I’ve come to understand that intellect alone doesn’t move me. A work can be exquisitely researched and still fail to breathe. What stays with me are the pieces that carry a pulse—something felt before it’s understood.

And I’ve seen how powerful it can be when artists gather not to perform insight but to share experience. There’s pain in that, and beauty too. The Toronto arts community holds both: collective ache, resilience, and the small daily gestures that remind us why we keep making.

The Quiet Turn

Creatively, something in me is shifting; I speak less, listen more. The urge to explain my work into significance has faded, replaced by a quiet need for it simply to live—unforced, unreasoned. Online discourse feels less like conversation and more like noise, so I’m stepping back to let the work speak in its own time.

University has been a paradox: a place full of resources and expectations, yet strangely narrow in what it rewards. Many assignments feel like technical repetitions of ideas already seen and solved. I no longer want to reproduce the vocabulary of others. What draws me instead are the quieter questions still circling grief, time, memory, and change—questions that rarely fit the rubric but feel truer to my hand.

I’ve noticed how the academic chase for originality can start to resemble performance—the pursuit of difference for its own applause. Around me, peers race to define their voices, while mine feels softer, wider, less concerned with definition. I’m not uninspired; I’m simply in a slower season. My work wants deliberateness, not momentum.

Even in community, I sense a lingering longing—to connect more deeply, beyond roles or outcomes. Maybe that kind of connection isn’t always possible in institutional spaces built for production. And yet, rare moments remind me of what mentorship can be: conversations where curiosity meets respect, where questions are received not with critique but care.

In those exchanges, I feel most seen—not only as an image-maker but as a person still learning how to hold solitude and belonging in the same breath.

Toward Sovereignty

Something inward is shifting. My emotional landscape is changing shape, less ruled by urgency, more by pulse, by agency, by sovereignty. The more time I spend in love and longing, the more I’m drawn to a slower kind of care: deliberate, grounded, self-authored. I’m observing, learning, absorbing. Freedom, I’m realizing, isn’t the absence of structure but the right to choose which ones I build and which I leave behind.

My work mirrors this. It no longer waits for permission or praise; it moves from a place of knowing, not needing. I used to chase validation—approval from those who couldn’t see the cost of what it takes to break open vulnerability, to make something honest, and to remain in that rawness as the image freezes in time. That hunger has gone quiet.

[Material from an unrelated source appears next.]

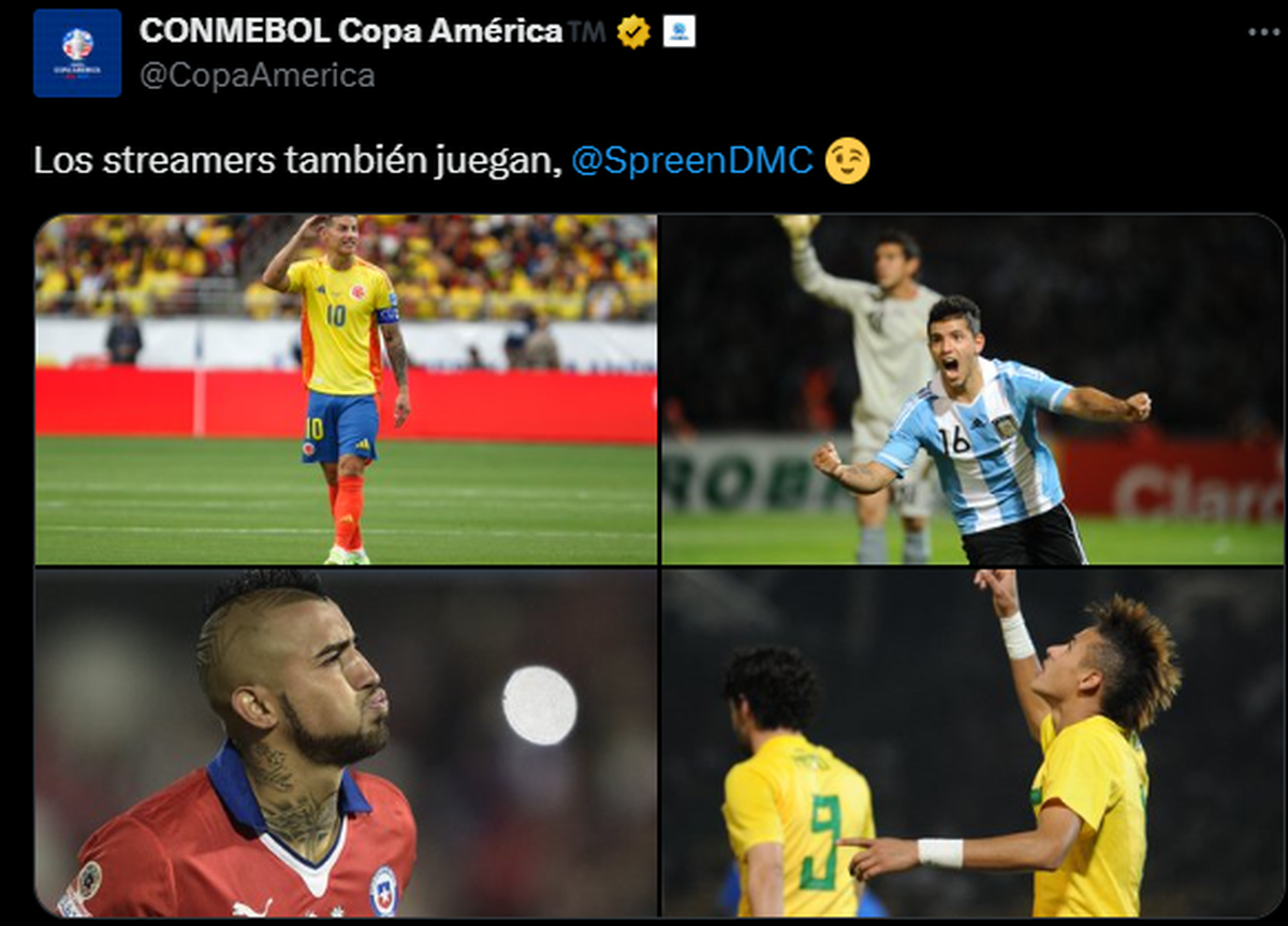 "Los streamers también juegan @SpreenDMC" y fotos de Kun Aguero, James Rodríguez, Arturo Vidal y Neymar, fue lo que subió Conmebol Copa América (con descripción: "Cuenta oficial del torneo de selecciones más antiguo del mundo")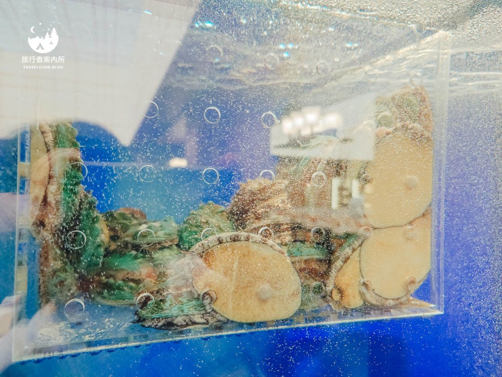 現場有兩個海鮮櫃,想吃現撈活體海鮮如松葉蟹、活龍蝦、鮑魚等就是以現場提供的為主(時價)。

Now I crave resonance; not recognition, but alignment. That quiet frequency beneath words where understanding arrives before it’s spoken. A pull that feels less like reaching and more like remembering.

I think about what it means to meet another who moves within that same hum—someone who listens inside the silence rather than trying to fill it, whose way of seeing feels familiar yet distinctly their own. There’s a quiet intelligence in that kind of meeting, a rhythm between sensibilities that don’t mirror but converse. To be met there requires courage—the willingness to stand within that charged stillness without retreating or reaching for definition. That is the resonance I long for now: not merely harmony, but the shared bravery of staying present in what trembles between hearts and ideas, between maker and witness, between what is felt and what is found.

Words feel blunt beside this kind of understanding. I want the work to breathe on its own terms, to live in the body before it’s named. Maybe this is what sovereignty means here: trusting that the work—and I—can simply exist, quietly and completely, without needing to explain our belonging.